Biological Control. A potential biological method of jointed goatgrass control is the use of a Pseudomonas soil bacteria to suppress jointed goatgrass germination and subsequent growth. This research is being conducted by Dr. Kennedy, USDA-ARS. Over 2,000 naturally occurring strains of Pseudomonas bacteria have been screened for activity against jointed goatgrass and wheat. Approximately 3% of the strains inhibit jointed goatgrass by greater than 70% in the initial agar screen without causing significant effects to wheat. Further greenhouse testing has limited the number of potential bacterial isolates to 7. The primary effect of the bacteria appears to be a suppression of root growth, which results in reduced shoot growth. In a field nursery in the 1992-93 season, one isolate reduced jointed goatgrass shoot biomass by 30% and in 1989-90 another isolate reduced the jointed goatgrass stand by 60%.
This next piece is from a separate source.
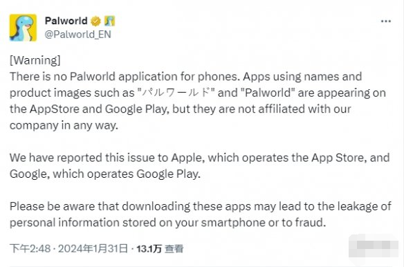 《幻兽帕鲁》官方在X平台发文提醒玩家,目前他们并没有推出手游版应用。

This biocontrol system is similar to an extensive project on bacterial control of downy brome. Both projects are challenged in trying to maximize the bacteria's survival after application to ensure activity. Dry encapsulated formulations have increased the bacteria's survival compared to applications of liquid suspensions. With the downy brome project, all accessions of downy brome are equally susceptible to isolates with activity against that weed. The situation appears more complex with jointed goatgrass. Jointed goatgrass accessions vary in their susceptibility to different bacterial isolates. This may suggest that greater diversity exists in the germplasm among jointed goatgrass than among downy brome.
Ongoing biocontrol research involves screening for active isolates, evaluating the mechanism of the bacteria's suppressive action and population dynamics, and developing technology to improve survival.